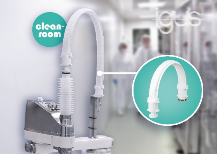 igus为无尘室SCARA机器人应用推出了一款新的供能系统——Clean SCARA无尘拖管解决方案,它由耐磨高性能工程塑料制成,即使在高速应用中也几乎不会产生任何颗粒物或污染物,满足ISO 2级无尘室要求。而且该系统比传统波纹管更坚固,更方便使用。
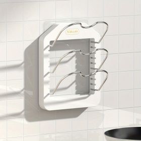 1pc Wall Mounted Pot Lid Rack; Free Punch Pot Cover Holder; Hanging Lid Organizer; Kitchen Accessories (Model: Three layer pot lid rack, Color: White)
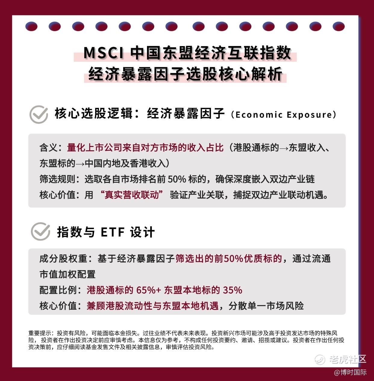 在全球产业链重构与区域经济融合的浪潮下,中国与东盟的经贸联动正成为亚太经济增长的重要引擎之一。银河博时 MSCI 中国东盟经济互联指数 ETF $银河博时东盟(02805)$ 作为聚焦这一主题的工具型产品,凭借独特的设计逻辑,以“经济暴露因子”为核心搭建选股体系,突破传统地域主题产品的局限,旨在为关注双边产业协作的投资者提供针对性的布局工具。

┄┄┄┄┄┄┄┄┄┄┄┄┄┄┄┄┄┄┄┄

PROMPT: Make an exact copy of the listing, with no images in it.

EXERCISE ANSWER:
 igus为无尘室SCARA机器人应用推出了一款新的供能系统——Clean SCARA无尘拖管解决方案,它由耐磨高性能工程塑料制成,即使在高速应用中也几乎不会产生任何颗粒物或污染物,满足ISO 2级无尘室要求。而且该系统比传统波纹管更坚固,更方便使用。
 1pc Wall Mounted Pot Lid Rack; Free Punch Pot Cover Holder; Hanging Lid Organizer; Kitchen Accessories (Model: Three layer pot lid rack, Color: White)
 在全球产业链重构与区域经济融合的浪潮下,中国与东盟的经贸联动正成为亚太经济增长的重要引擎之一。银河博时 MSCI 中国东盟经济互联指数 ETF $银河博时东盟(02805)$ 作为聚焦这一主题的工具型产品,凭借独特的设计逻辑,以“经济暴露因子”为核心搭建选股体系,突破传统地域主题产品的局限,旨在为关注双边产业协作的投资者提供针对性的布局工具。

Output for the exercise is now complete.